Instructions for the task » Look in the data below for the line that has "400字詰の「T.M.」名入原稿用紙13枚 20.5cm×28cm", then print exactly every line from there through the line that has "4.把中間部分用一張白色圖片", leaving pictures out.

Data records »
--

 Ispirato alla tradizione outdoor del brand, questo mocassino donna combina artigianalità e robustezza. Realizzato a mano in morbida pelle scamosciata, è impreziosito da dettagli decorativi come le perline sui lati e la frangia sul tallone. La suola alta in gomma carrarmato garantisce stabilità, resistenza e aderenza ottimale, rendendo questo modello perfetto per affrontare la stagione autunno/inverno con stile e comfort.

--

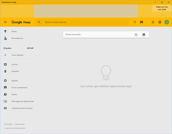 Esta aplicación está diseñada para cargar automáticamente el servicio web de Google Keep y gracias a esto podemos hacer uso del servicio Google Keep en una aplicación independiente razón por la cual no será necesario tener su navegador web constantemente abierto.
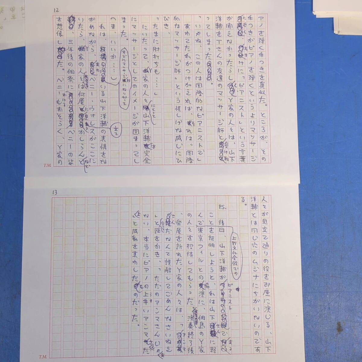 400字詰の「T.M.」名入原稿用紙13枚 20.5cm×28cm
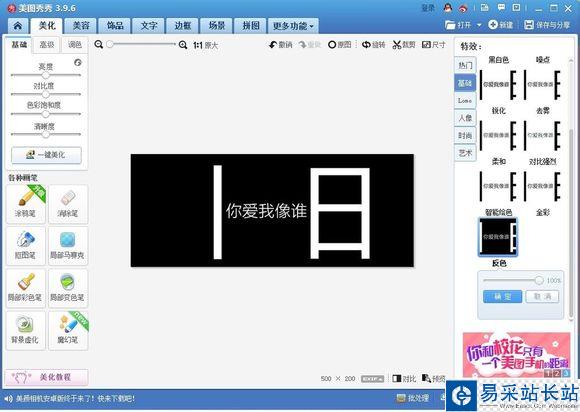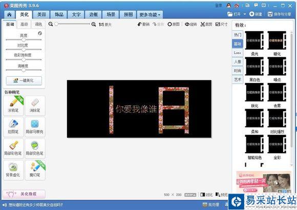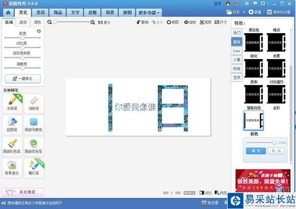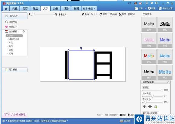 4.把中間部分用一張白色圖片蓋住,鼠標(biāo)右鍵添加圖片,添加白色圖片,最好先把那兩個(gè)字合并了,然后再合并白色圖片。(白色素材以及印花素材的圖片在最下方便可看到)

--

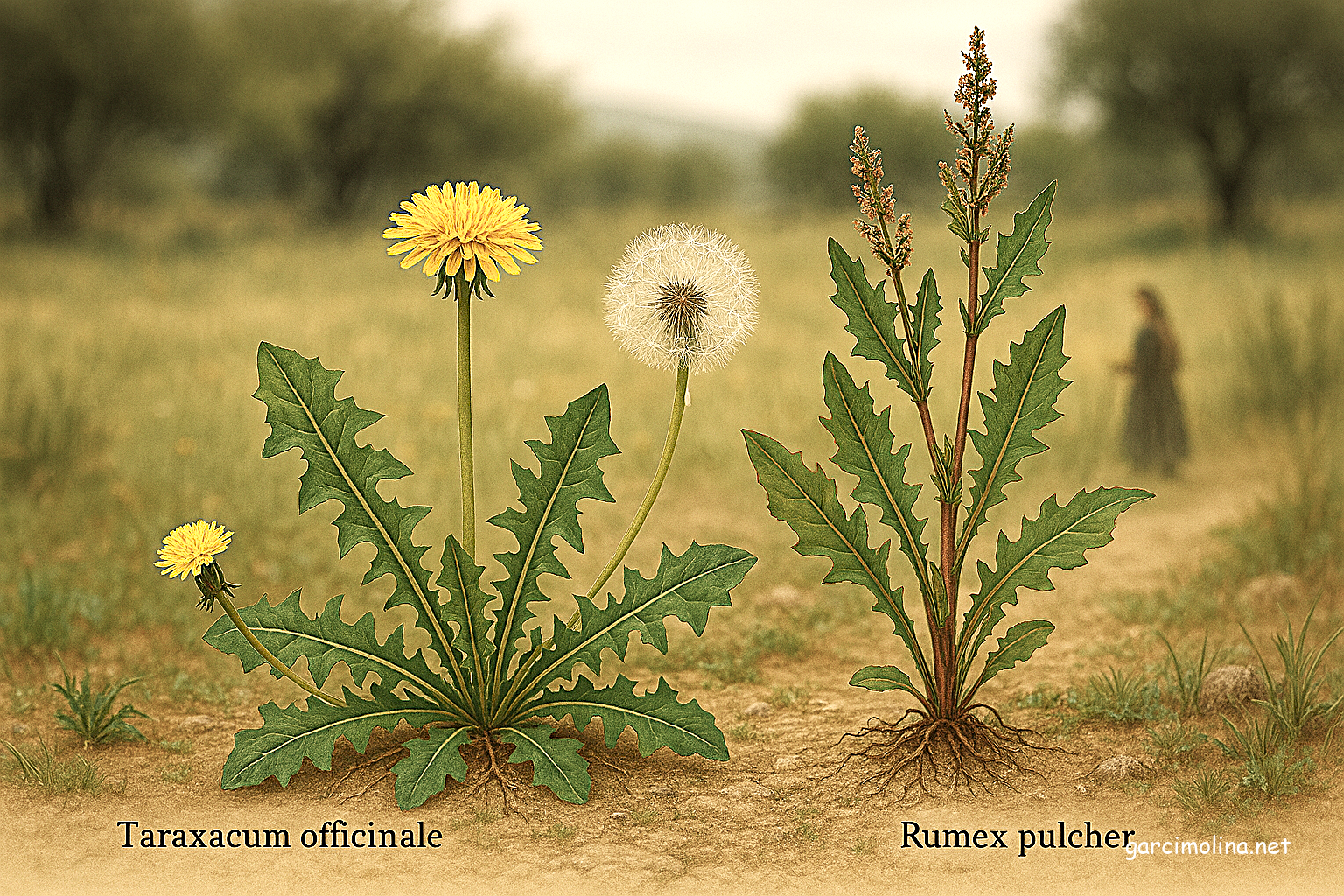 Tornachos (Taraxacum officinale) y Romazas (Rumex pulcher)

--

Response »
 400字詰の「T.M.」名入原稿用紙13枚 20.5cm×28cm
 4.把中間部分用一張白色圖片蓋住,鼠標(biāo)右鍵添加圖片,添加白色圖片,最好先把那兩個(gè)字合并了,然后再合并白色圖片。(白色素材以及印花素材的圖片在最下方便可看到)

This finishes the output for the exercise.